Ladies Man (Manwhore #4)(5)



“Wait.”

I stop his hand, bringing our make-out session to an abrupt halt. I’m pretty sure I’m ready to kick Trent out of my bed. It feels so wrong. Why does it feel so wrong?

“What the hell is wrong with you? I thought you were into it?”

“I wasn’t…” Oh god, why wasn’t I? “Look, you’re a really nice guy but I’m not into one night stands, not really.”

When he looks at me incredulously, I groan and rub my temples. Shit. He seems…a little too drunk to make sense of it.

“You’re drunk, aren’t you?” I ask him, and when he only stares at me, I sigh. “You can spend the night but…no spooning or cuddling or even breathing my air, okay?”

He’s asleep within minutes, but I can’t close my eyes. I’m afraid I’ll see the blue eyes that I can’t get out of my mind—the ones that have been popping into my dreams.

Why did I bring him to my apartment? No guy has ever been here. This used to be Rachel’s and my sacred space, only Malcolm Saint dared venture here—and I hadn’t been too happy about it.

At 5 a.m. I find myself wandering the apartment in my pajamas.

I hate the silence.

Rachel and I shared this apartment since the end of college. It’s an industrial penthouse loft. Painted wood bookcases separate the living area from the kitchen. It’s dark now but as soon as the sun comes up, it will be bright and sunny.

I stare at the ceiling then glance at the calendar. Next month, an X marks the day that Wynn is moving in with me. I’m glad she is; I can’t afford to pay the rent on my own, and I don’t want to leave this place. I also don’t like being alone.

I’ve had three homes in twenty-three years, and I’ve always been the one left behind.

The first time, my parents told me they’d sold the house I’d grown up in, explaining, “We want to reconnect and get the spark back in our lives now that you’re leaving for college.” They left for Spain just after the sale closed.
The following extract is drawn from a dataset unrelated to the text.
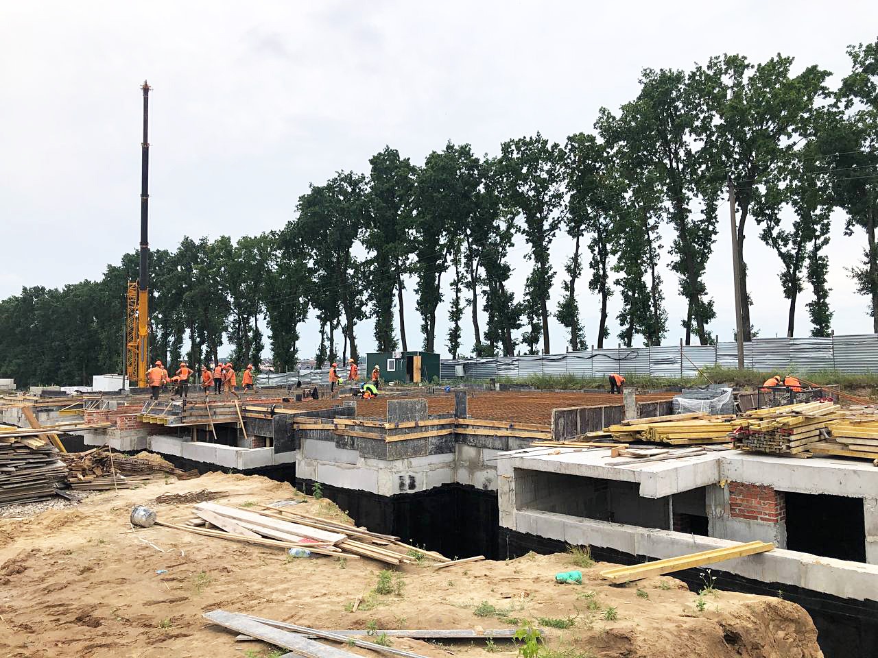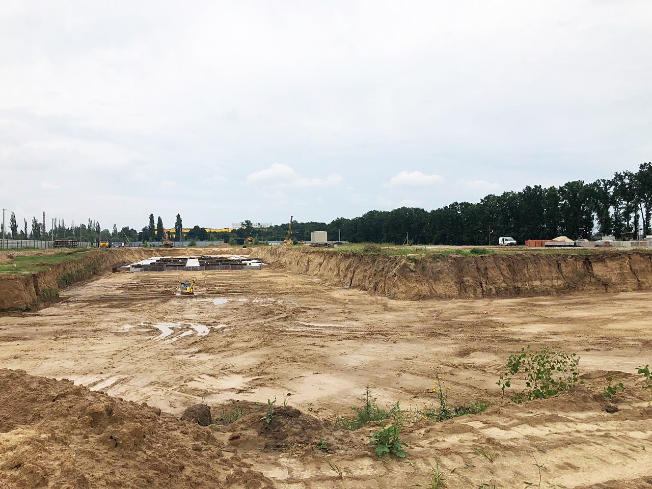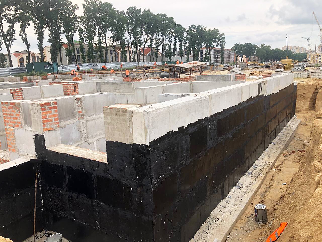 Хід будівництва липень 2023р. БУДІВНИЦТВО ПЕРШОЇ ЧЕРГИ: 1й буд. – будівництво цокольного поверху 90% 2й буд. – влаштування фундаменту 40% 3й буд. – влаштування котловану під фундамент.

I finished packing and handed over the keys when I was done.

My next home was one I shared with my college boyfriend, Paul. He was definitely the first to leave.
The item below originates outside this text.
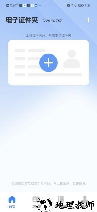 1、打开证件小助手 app,在主界面找到并点击 “+” 号按钮,开始添加电子证件。

I didn’t used to be so anti-men, until Paul betrayed me. The worst part about being betrayed was that I hadn’t seen it coming. I’d been blind, deaf, and stupid for such a long time.

Paul Addison Moore was good to me, but he was also good to two other girls at the same time. They both knew of me, and were content to be in the background. I didn’t know about them for two years. Twenty-four months and nine days, to be exact.
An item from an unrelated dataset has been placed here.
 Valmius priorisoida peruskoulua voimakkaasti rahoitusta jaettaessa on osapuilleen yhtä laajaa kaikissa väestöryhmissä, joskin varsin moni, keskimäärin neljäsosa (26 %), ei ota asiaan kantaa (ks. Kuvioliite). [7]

One day, I received a call from an angry girl telling me she was his girlfriend and she’d been waiting for months for him to leave me, because he promised he would.

I hung up on her and told him some crazy girl had called to tell me this.

He grew very agitated—and suddenly began packing.

“Paul?” I asked. “It was a joke. Right?”

He just shook his head.

We were going to be late to class, so I went into the bathroom to brush my teeth and I heard drawers slamming.

“She’s not the only one, there’s someone else too,” he suddenly yelled from the bedroom.

“Excuse me?” I walked to the doorway as I spoke through the toothpaste in my mouth.

The bedroom was empty.

I walked down the hall, my steps growing more hurried by the second, and I found him in the living room with his backpack and suitcase.

I froze.

“I don’t love you, Regina.”

That was the hundredth time he said the L word to me. He had said it while he lived with me, slept with me, called me just to tell me he was thinking of me.

He stood in the doorway as the toothbrush hung from my mouth. I must have looked awful. It felt like he’d shoved the toothbrush down my throat and stabbed my heart with it.

Finally, I took it from my mouth and sent it flying across the room at him.

“You!” I cried.

He picked it up and swiped the toothpaste from his shirt. “Very mature, Gina.”

I couldn’t talk to him, I couldn’t breathe.

I’d prepared meals based on this guy’s vegetarian tastes; I stopped eating meat for him. I had a map of my future and his name was splattered across every country. But on Paul’s map, Gina was a wasteland, the thing you left behind.

I burst out crying and put my head in my hands.

He didn’t say more. He left and closed the door. I heard the wheels of his luggage fade into the distance. And after two years together, after a hundred I love yous, after falling in love for the first time, I never heard from that cheating, lying * again.

I’m loyal to a fault. Even now, in an odd sense, I’ve been loyal to him. I’ve never been able to love again. He took my heart, the warm T-shirts that I used to sleep in, my trust, my hopes. He left me too scarred to ever feel that kind of happiness again. He walked out the door, leaving me to wonder if I was simply that foolish, or simply not enough.





MORNING AFTER


In the morning, I wake up after an hour of sleep, thinking about the night before. I really can’t believe how wild and luxurious the club was and I’m obviously one of the few who wasn’t completely wasted by the time I got home. I think about the drunk guy sleeping in my bed, and how, if I’d have gone through with it, the last man I’d slept with would no longer be Paul.